後藤委員発言補助資料

1法務・検察行政刷新会議での論点案
後藤昭 2020 年8月6日第2回会議に提出
1.私たちに問われているもの
私たちに問われている問題を大きく見れば、
「検察の独立」という要請と「検
察に対する民主的コントロール」という要請とをどのように両立させるか、と
いう問題である。その解決は、非常に難しい。しかし、その両立を可能とする
ためには、少なくとも検察官たちの仕事が高い透明性をもち、事後的な検証が
可能であることが必要である。
2.検察官の倫理について
1 「検察の理念」は、心構えを説くに止まる。より具体的な行為規範が必
要ではないか?(その項目の例として、後藤「法科大学院における検察
官倫理の教育方法」法律時報 87 巻 1 号(2015 年)86-92 頁)
2 検察官とマス・メディアとの関係について倫理規範が必要ではないか?
黒川弘務氏の行動は、賭けマージャンのみならず記者との関係が大きな
問題。
3.法務行政の透明化について
1黒川弘務前東京高検検事長の勤務延長人事の決定過程。
この人事を私たちが今から覆すことはできない。しかし、この人事は、そ
れまでの法解釈を変更してまで行った極めて特殊な人事であった。
その決定
に至る過程を確認することは、
法務
・検察行政の透明性を考える前提となる。
4.刑事手続について
C.ゴーン被告の国外逃亡は、日本の刑事裁判権からの逃避であり、それを
正当化することはできない。
その一方で、
この事件後の国際世論が彼の主張に
味方しているという事実、
すなわち日本の刑事手続が国際的な信用を得ていな
いという事実を私たちは直視すべきである。
すでに示された論点案にある
「国
際的な理解が得られるようにするための方策」
とは、
単に広報活動を改善すれ
ば良いという問題ではない。
日本の刑事手続を諸外国から見て、
たしかに公明
正大な手続であるという高い信頼を得られる透明度の高いものに変えること
が必要である。近年、証拠開示制度の導入や被疑者取調べの録音・録画制度な
どによって、刑事手続の透明度は向上した。しかし、国際的な信頼を得るため
には、まだ不十分である。 2具体的な方策として、
次のようなものが考えられる。
なお、
これらの方策は、
立法を待たずに検察官の自発的な運用としても可能な部分が少なくない。
1 取調べの可視化をさらに進めるべきではないか?
取調べの録音録画が法律上必要な事件や範囲は限定されている。これをさ
らに広げるべきではないか。また、日本の刑事手続に対する批判のなかで、
もっとも反論しにくいのは、取調べに弁護人の立ち会いを許していないこと
である。
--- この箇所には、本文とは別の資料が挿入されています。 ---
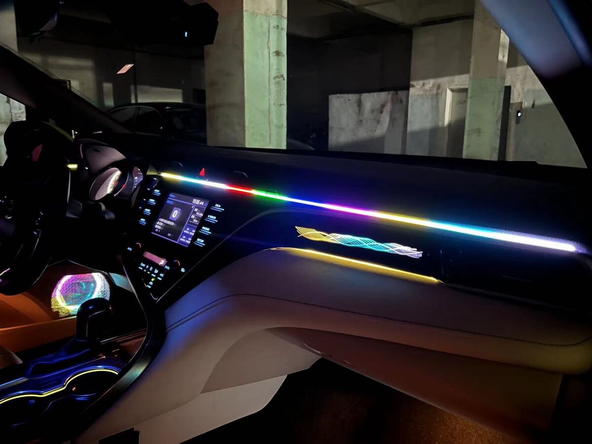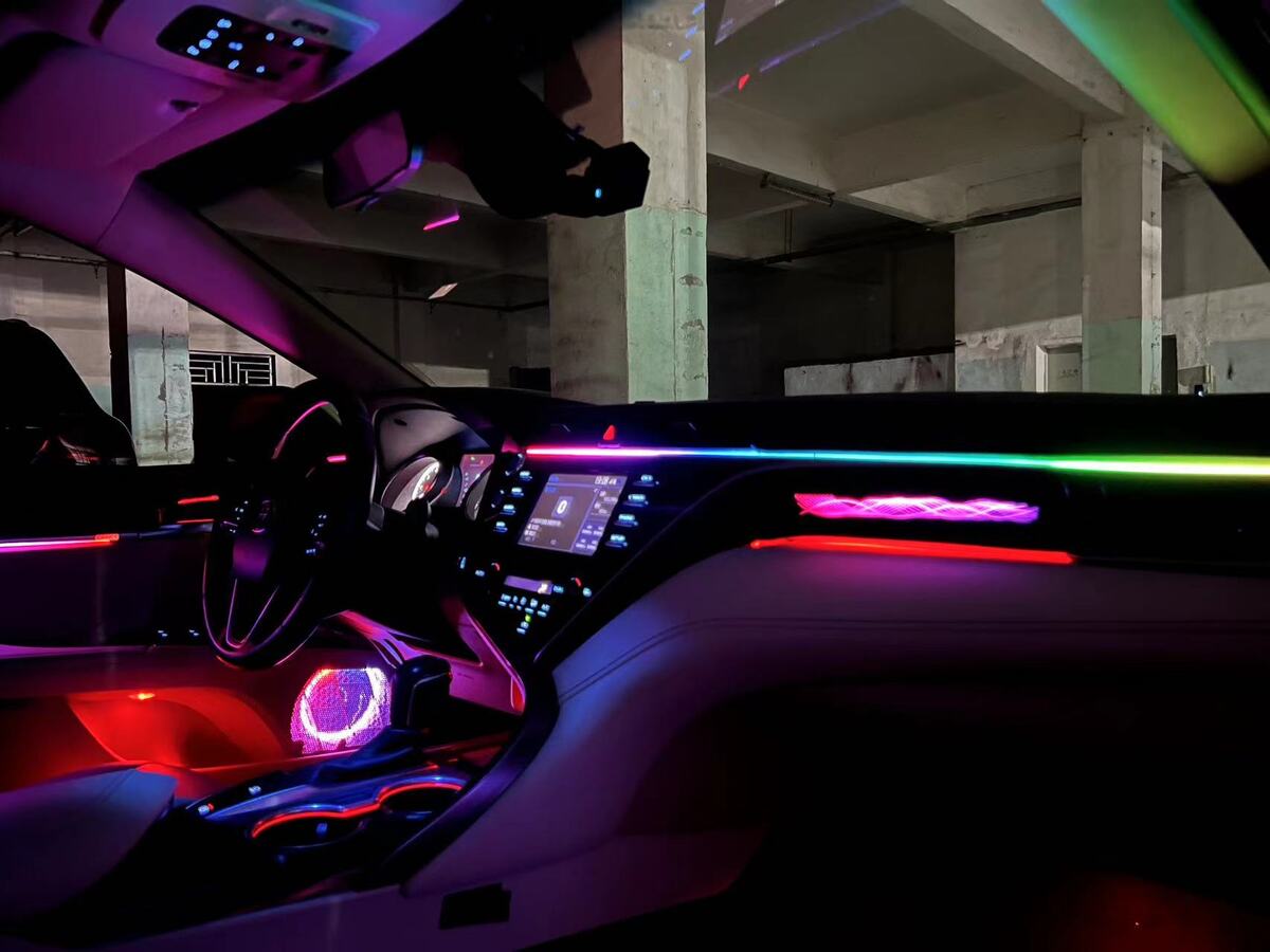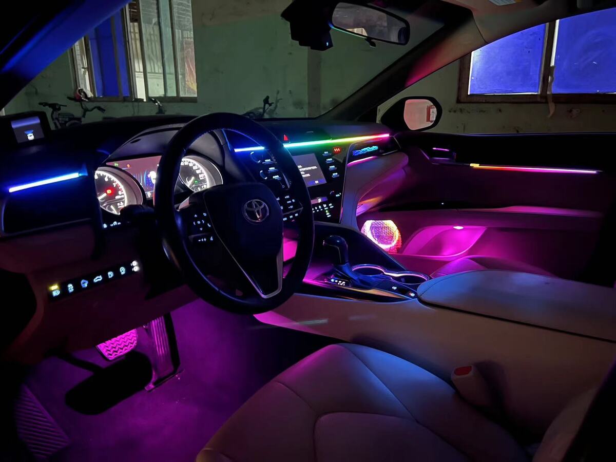 В комплекте: подсветка на стеклоподъёмники, подсветка ног и карманов, накладка с подсветкой на торпеду с надписью "CAMRY", подсветка передней, верхней панели, провода с блоками для подключения, подсветка в подстаканники, подсветка дверей (4шт.)

弁護人立会は、アメリカ合衆国でもヨーロッパでも、また韓国、台
湾でも認められていて、今や国際標準となっている。
2検察官がもつ証拠を弁護側に開示する証拠開示制度をさらに広げるべき
ではないか?
現在の証拠開示制度は、
公判前整理手続に付される事件に限って適用され
る。これを一般的な制度に広げるべきではないか?また、再審請求審にも、
証拠開示制度を設けるべきではないか?
3 伝聞例外としての刑訴法 321 条1項2号を見直すべきではないか?
この条文は、
検察官が作成した供述調書を証拠として特別に優遇している。
それは当事者対等の原則に反している。またそれによって、法廷での証言よ
りも調書が重視されることになり、刑事手続の透明度を下げている。2号を
削除するあるいは、少なくとも要件をより厳格にするべきではないか。
5.ヒアリングの対象者について
1 黒川氏勤務延長の決定に至る経過を語れる方
2 村木厚子氏
村木氏は、
「検察の在り方検討会」でも経験を語っており、その記録はあ
る。しかし、村木氏が巻き込まれた事件は、この 10 年間の検察改革の出
発点であった。生の声を聴くことよって、その出発点を共有したい。ま
た、同氏がこの 10 年間の変化をどう観ているかを聴くことは、重要な参
考となるであろう。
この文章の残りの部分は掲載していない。